Among them was CASTLE-AF, presented at the hotline sessions. The study garnered some attention as the only randomized controlled trial of catheter ablation vs pharmacologic therapy in patients with heart failure (HF) and AF that actually found a benefit in terms of “hard” outcomes (eg, death, heart failure hospitalization).

CASTLE-AF is the only RCT of catheter ablation vs drug therapy in patients with AF and HF to find benefit as measured by hard endpoints.

AF and HF are common co-morbid conditions and exacerbation of one can often worsen the other. Physicians struggle with how to best reduce the burden of AF – with either catheter ablation or pharmacologic therapy. This randomized trial, although small (N=397), had important implications and took over 9 years from enrollment to completion and screened ~3000 patients. The study enrolled patients with symptomatic paroxysmal or persistent AF, LVEF ≤35%, ICD with home monitoring capacity, NYHA Class 2 or worse, and failure of or intolerance to/reluctance to take anti-arrhythmic medication. Subjects were randomized to either radiofrequency catheter ablation (RF-ablation) with pulmonary vein isolation or conventional AF medical therapy after a run-in period.

The trial was positive based on both its primary (composite of all-cause mortality and heart failure hospitalization) and secondary (individual endpoints of all cause mortality, heart failure hospitalization, cardiovascular death, cardiovascular hospitalization) outcomes, as displayed in the Table.  In addition to these hard outcomes, there was also a significant reduction in AF burden and an improvement in LVEF of 8% in the ablation arm.

Table.

Ablation Group

Anti-arrhythmic (control) Group n=184

Primary endpoint (composite of all-cause mortality, HF hospitalization)
28.5%
44.6%
0.62 (0.43-0.87), p=0.007

All-cause mortality

(K-M curves started separating at 3 yrs)
13.4%
25%
0.53 (0.32-0.86), p=0.011

HF hospitalization

(K-M curves started separating at 6 mo)
20.7%
35.9%
0.56 (0.37-0.83), p=0.0004


Adverse outcomes were mostly procedure-related and mostly confined to the ablation arm and included pericardial effusion (n=3), severe acute bleeding (n=3), pulmonary vein stenosis (n=1), groin infection (n=1), worsening heart failure (n=1), stroke/TIA (n=7 in ablation arm vs 12 in the conventional arm)

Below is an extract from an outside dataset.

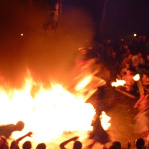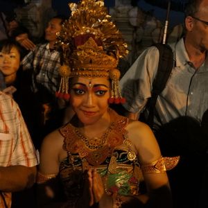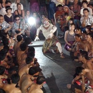 6時前になって、一人のおじさんがやってきて、中央のたいまつにお祈りを捧げて火をつけた。やがて開演。50名ほどの裸の男性がやってきて「ケチャックダンス」を始めた。よく聞いていると、中心でリズムをとる年配の人、ほかに合いの手を入れる人が2人いる。しばらくすると、きれいな衣装のダンサーがケチャックダンサーの中心で踊り始めた。内容は「ラーマーヤナ」である。ヒンドゥー教の最初の国で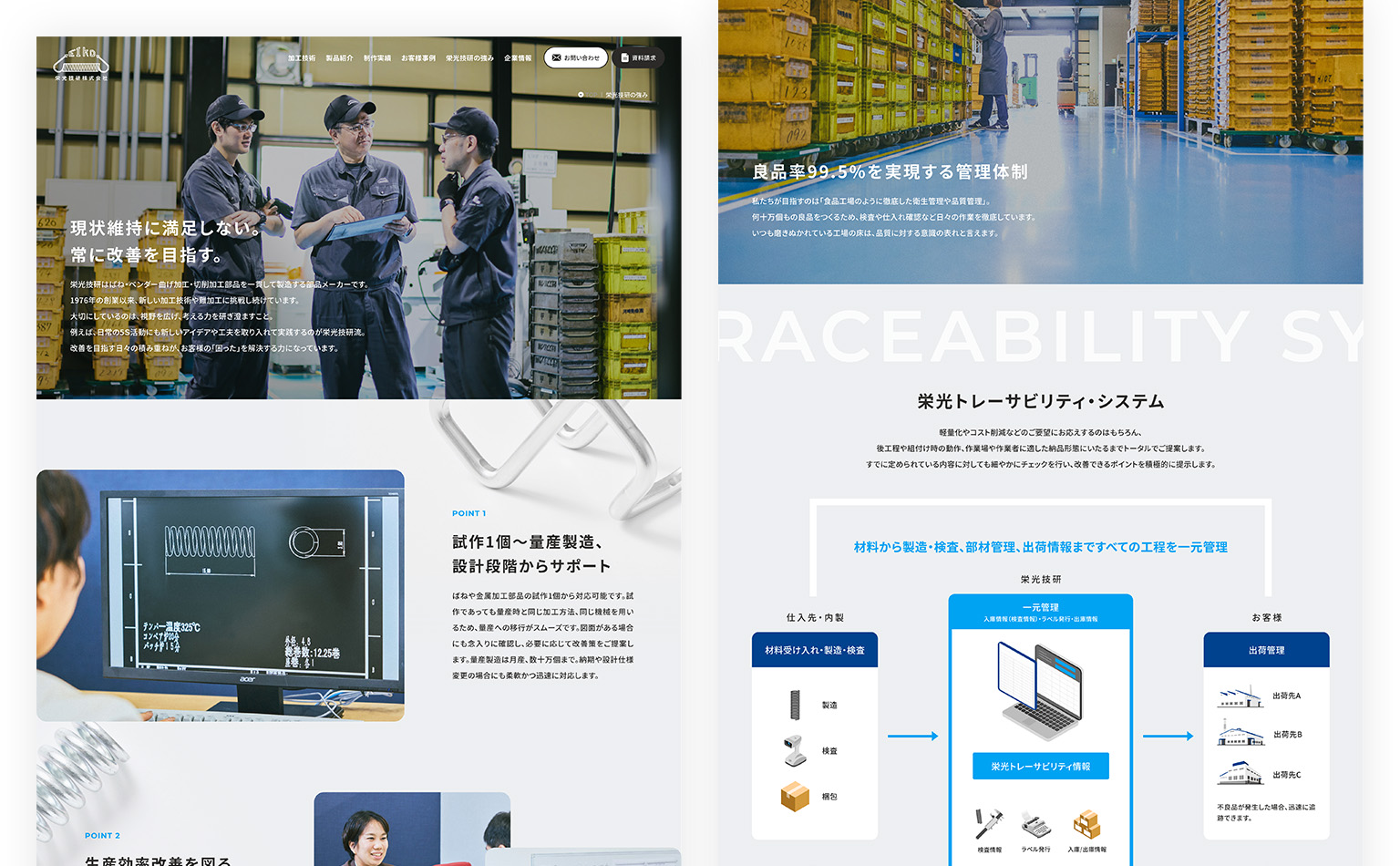 ご担当者様へのヒアリングを通じて、事業内容や加工技術、お客様に対する想いについて詳しくお話を伺いました。ライティングでは製造のこだわりやサポート力をわかりやすく伝え、現場の様子やスタッフの顔が見える写真を用いて、栄光技研様の魅力を表現しました。

Next: Results similar to study of ablation vs amiodarone

Results similar to AATAC trial

Results are somewhat similar to the previously published AATAC trial (ablation vs amiodarone), which had a similar population (although LVEF criteria was <40%) and 203 patients. The study is one of the many to date that is providing a growing body of evidence that AF ablation may be preferable to anti-arrhythmic medications for HF patients with symptoms from their AF.

Prior to this one, the majority of AF ablation studies have focused on AF burden and not as much on hard outcomes. Although CASTLE-AF has important implications and has been well-received by the cardiology community at large, some express caution. In an online review of the study, clinical electrophysiologist John Mandrola, MD, of Baptist Medical Associates in Louisville, Kentucky, points out that these results may not be applicable clinically for a variety of reasons:

  ► Young study population (mean age 64 years)

  ► Highly selective group (~3000 patients were screened to get enough for the study and only LVEF ≤35%, mostly NYHA Class II)

  ► RRR is much larger than expected with ablation, suggesting that the difference in event rates may have been spuriously inflated due to worse outcomes in conventional therapy arm rather than better performance of the ablation arm.

  ► Procedural outcomes, although small in number, are also a concern

There are outstanding questions to be answered as well (pending larger studies) such as whether there was any difference in ischemic vs non-ischemic HF.

So, perhaps ablation is not quite ready for prime-time for all types of symptomatic HF patients (ie, HFPEF, mildly reduced LVEF, elderly, those without ICD/CRT, NYHA Class I, etc). But, one thing is for sure… we are slowly pushing the envelope to make ablation an important therapy with potential to improve outcomes by decreasing AF burden and avoiding the toxicity of anti-arrhythmic medications.